Baseball team digitizes media, uses AI to uncover metadata

The San Francisco Giants' digitization and metadata tagging project helps the baseball organization revisit old content and deliver history to engage fans.

Many sports and entertainment organizations have thousands of old media assets in analog formats collecting dust in their vaults -- often with no idea what they might find on them. But digitizing and tagging this media with appropriate metadata can solve that problem.

In 2018, the San Francisco Giants baseball team got the green light to digitize approximately 16,000 digital media assets accumulated over the team's history to coincide with its 60th anniversary, including U-matic 3/4-inch tape, film reels and audio cassettes.

Digitizing the media was step one; using AI to uncover metadata and tag the files was step two.

"Without the metadata [on these files], we would have no way of understanding what is being digitized," said Paul Hodges, vice president of content entertainment with the San Francisco Giants.

The digitization process

The Giants are working with Iron Mountain, an information management company based in Boston to digitize their files. Once the files come back in a digital format, the master files are sent to a digital asset management system the Giants house on premises -- Square Box Systems' CatDV.

Copies of those files are also sent to the Veritone cloud, where it lives in the vendor's digital asset management system. The Giants' original intention was to move all of the media with tagged metadata back to the on-premises system at Oracle Park, the team's home stadium. But the pandemic has forced video editors to work from home and rely on Veritone's Digital Media Hub to fulfill day-to-day media tasks.

San Francisco Giants' Paul HodgesPaul Hodges

The Veritone system automatically runs those assets through transcription and facial recognition, using a face-training library created from rosters and other data sources. Veritone's built-in AI tools uncover metadata -- players' names, dates and time correlations of when they show up in each asset -- and automatically tag the files with that information.

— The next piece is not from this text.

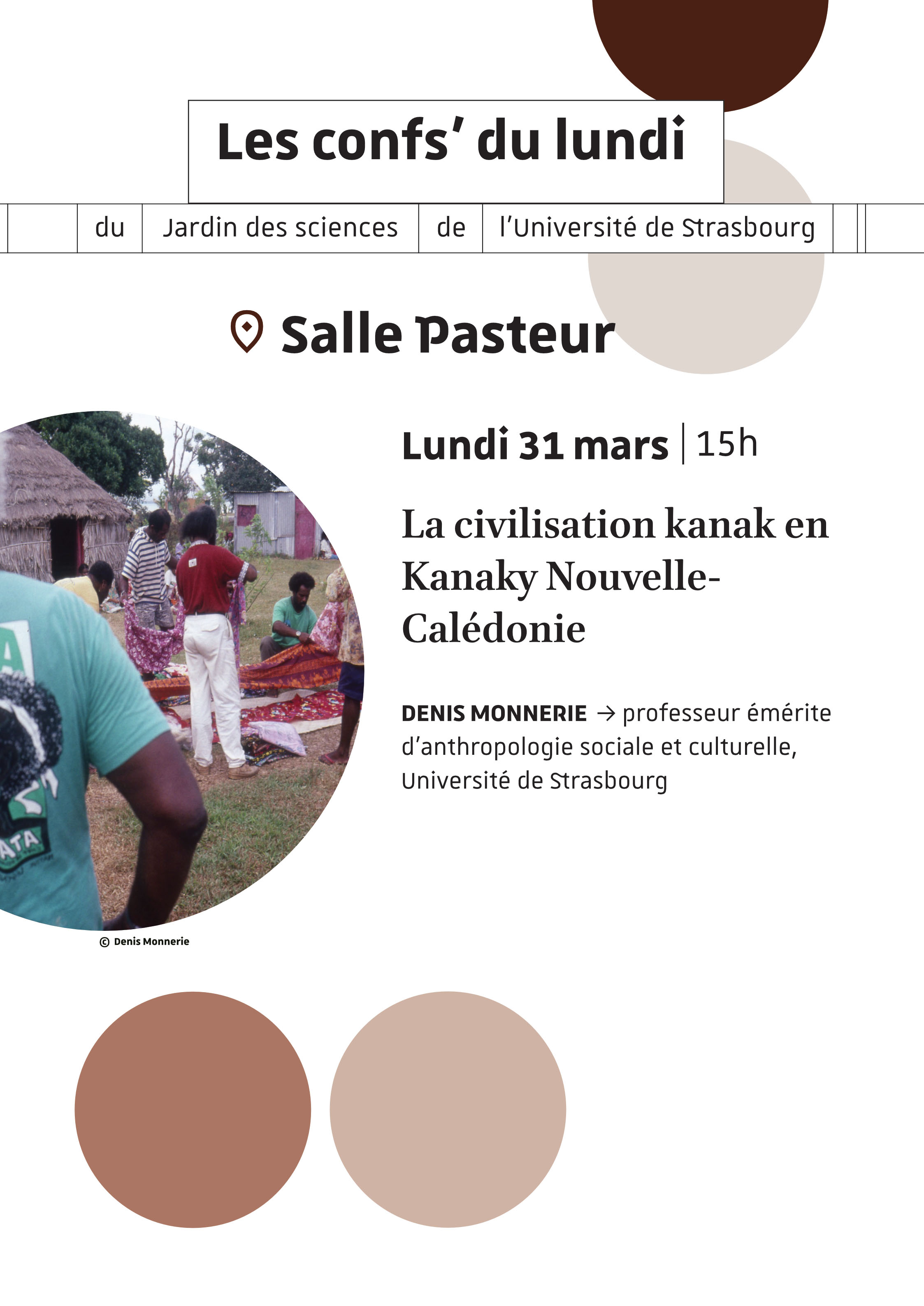 Dans le cadre des Conf' du lundi, une conférence intitulée « La civilisation kanak en Kanaky Nouvelle-Calédonie » aura lieu lundi 31 mars à 15h au Palais universitaire. Elle sera donnée par Denis Monnerie, professeur émérite d'anthropologie sociale et culturelle, Université de Strasbourg

"We did the math and found that we would have had to hire 13 to 16 interns for a year to log all this metadata," Hodges said. "So instead, we took that money and pivoted into AI."

Uncovering metadata and tagging content used to be a very manual activity, but much of that can now be automated by AI, said Alan Pelz-Sharpe, founder and principal analyst at Deep Analysis.

Deep Analysis' Alan Pelz-SharpeAlan Pelz-Sharpe

There are a number of vendors that have AI and machine learning services, including Google Cloud Vision AI, Microsoft Azure Cognitive Services and Amazon Rekognition. There are also other smaller, more specialized companies, including Brandwatch, Hive, GumGum and Clarifai.

The Giants have been working on the digitization process since June 2018, but the project is currently on hold in the wake of the COVID-19 crisis. Like many organizations affected by the pandemic, priorities and resource allocation have shifted, affecting the archive digitization timeline. The sports organization still has another six or seven months of work left to do.

Benefits of digitizing media

The digitization process is enabling the Giants to uncover content that hasn't been seen in a long time, such as a 20-minute video on Willie Mays giving batting practice tips.

"A huge part of our business is just recalling history and reminding fans what has happened on this day," Hodges said.

The lockdown has forced many organizations to mine the vaults. While it was not worth the effort in the past to digitize some of these assets, it is now.
Alan Pelz-SharpeFounder and principal analyst, Deep Analysis

Having digitized files at its disposal was especially helpful for the sports organization when COVID-19 caused live sporting events to go on hiatus. The Giants were able to recall old games and deliver them to fans via virtual streaming events, Hodges said. The team has delivered this newly digitized content to fans via YouTube, Facebook, Twitter and on TV.

The Giants' newly tagged digital files were also helpful when a TV network called asking for footage of a Hall of Famer who died. Within five minutes, the sports team was able to find the requested footage and deliver it to the station.

"The lockdown has forced many organizations to mine the vaults," Pelz-Sharpe said. "While it was not worth the effort in the past to digitize some of these assets, it is now."

Digital media enables customer engagement

Sports is built on content, said Liz Miller, vice president and principal analyst at Constellation Research. As digital engagement has ramped up, smart teams have developed roadmaps to lean into taking the "product" of the games and iterate moments to delight fans from a multitude of sources.

Constellation Research's Liz MillerLiz Miller

"That has always been the road[map], but COVID-19 put it on warp drive," Miller said.

As fans sit at home, locked down and looking for entertainment, digital content and engagement is in massive demand, Miller said. But the trick for the Giants will be how this new digitized content is packaged and delivered to fans.

Sports organizations should blend present day and classic content to keep fans engaged and talking, Miller said. For example, current players could provide commentary on classic games.

"Smart teams are finding ways to thrill their fans, keeping engagement going for what is essentially the longest offseason ever," Miller said. "COVID-19 took live events off the table and brought business as usual to a screeching halt, but it did not stop the momentum and need for fan engagement."